Would you repeat the whole listing exactly, pictures excluded?

* [DATASET EXTRACT]
---+---

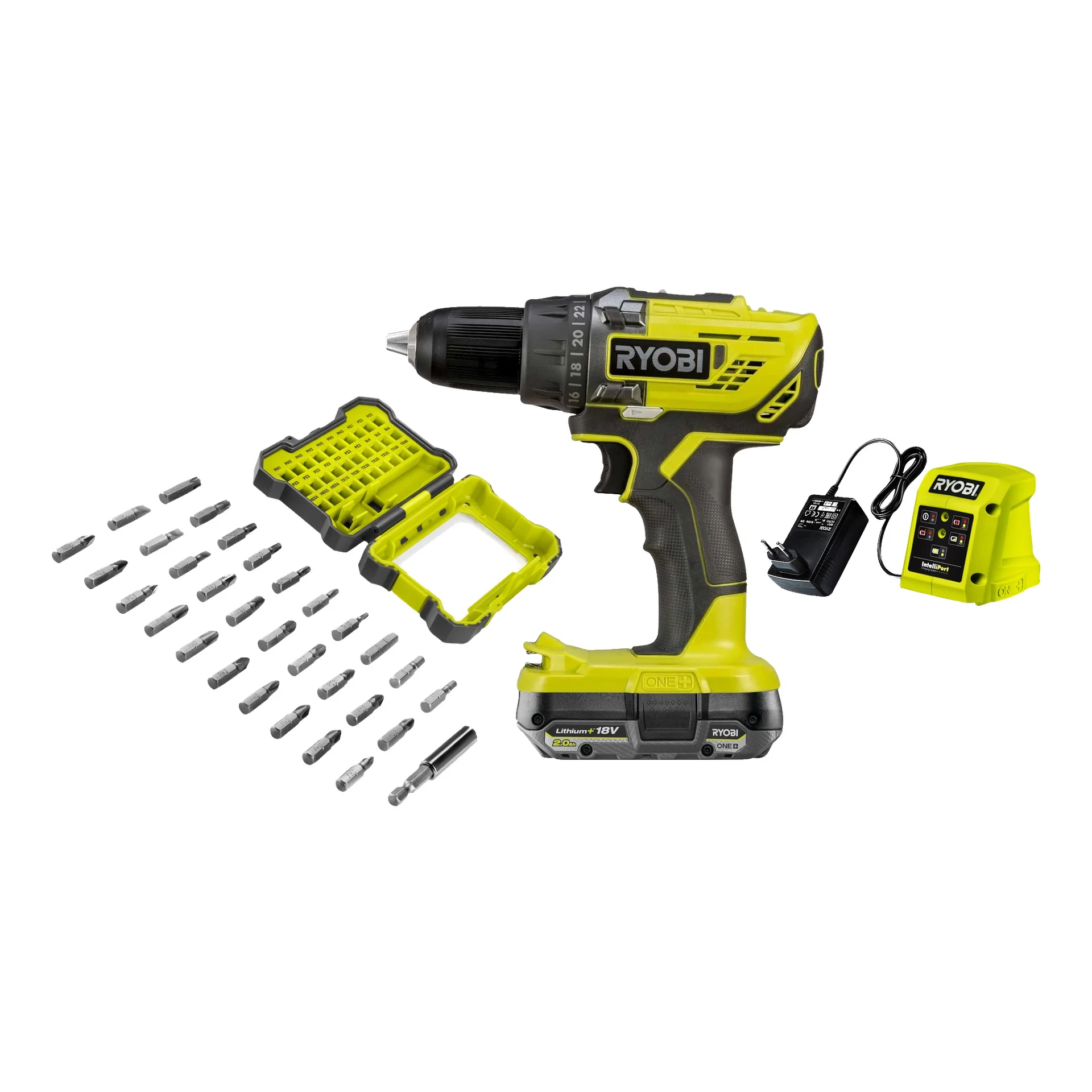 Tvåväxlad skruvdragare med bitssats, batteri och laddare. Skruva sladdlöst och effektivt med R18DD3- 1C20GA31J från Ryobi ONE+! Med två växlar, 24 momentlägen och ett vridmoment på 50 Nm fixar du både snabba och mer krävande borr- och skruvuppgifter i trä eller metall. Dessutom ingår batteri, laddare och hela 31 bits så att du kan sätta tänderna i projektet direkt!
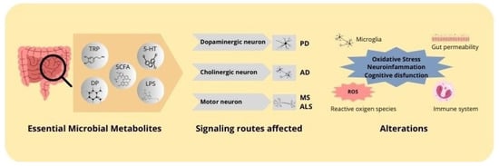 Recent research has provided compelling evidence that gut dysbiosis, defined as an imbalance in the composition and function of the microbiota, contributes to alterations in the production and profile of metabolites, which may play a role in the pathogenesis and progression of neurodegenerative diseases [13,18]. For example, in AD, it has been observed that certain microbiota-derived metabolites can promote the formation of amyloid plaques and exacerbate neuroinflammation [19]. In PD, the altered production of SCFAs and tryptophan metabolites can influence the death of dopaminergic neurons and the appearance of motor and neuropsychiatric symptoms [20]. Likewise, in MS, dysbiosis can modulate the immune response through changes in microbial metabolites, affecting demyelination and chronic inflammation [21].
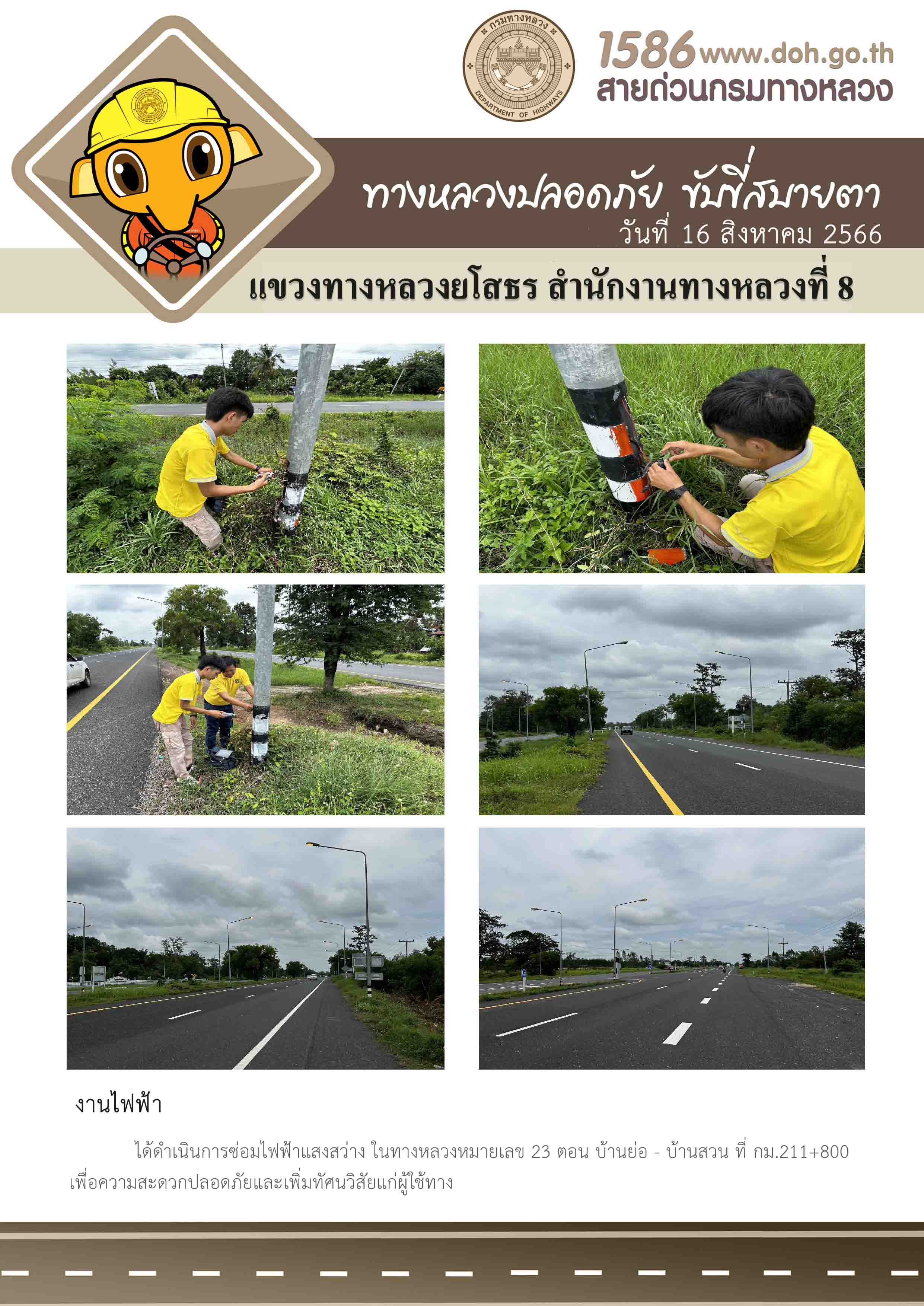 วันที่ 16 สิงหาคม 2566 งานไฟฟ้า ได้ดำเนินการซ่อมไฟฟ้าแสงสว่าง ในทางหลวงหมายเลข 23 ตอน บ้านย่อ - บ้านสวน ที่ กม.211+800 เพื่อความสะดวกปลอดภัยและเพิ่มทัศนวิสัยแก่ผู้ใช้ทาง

---+---

* [YOUR RESPONSE]
 Tvåväxlad skruvdragare med bitssats, batteri och laddare. Skruva sladdlöst och effektivt med R18DD3- 1C20GA31J från Ryobi ONE+! Med två växlar, 24 momentlägen och ett vridmoment på 50 Nm fixar du både snabba och mer krävande borr- och skruvuppgifter i trä eller metall. Dessutom ingår batteri, laddare och hela 31 bits så att du kan sätta tänderna i projektet direkt!
 Recent research has provided compelling evidence that gut dysbiosis, defined as an imbalance in the composition and function of the microbiota, contributes to alterations in the production and profile of metabolites, which may play a role in the pathogenesis and progression of neurodegenerative diseases [13,18]. For example, in AD, it has been observed that certain microbiota-derived metabolites can promote the formation of amyloid plaques and exacerbate neuroinflammation [19]. In PD, the altered production of SCFAs and tryptophan metabolites can influence the death of dopaminergic neurons and the appearance of motor and neuropsychiatric symptoms [20]. Likewise, in MS, dysbiosis can modulate the immune response through changes in microbial metabolites, affecting demyelination and chronic inflammation [21].
 วันที่ 16 สิงหาคม 2566 งานไฟฟ้า ได้ดำเนินการซ่อมไฟฟ้าแสงสว่าง ในทางหลวงหมายเลข 23 ตอน บ้านย่อ - บ้านสวน ที่ กม.211+800 เพื่อความสะดวกปลอดภัยและเพิ่มทัศนวิสัยแก่ผู้ใช้ทาง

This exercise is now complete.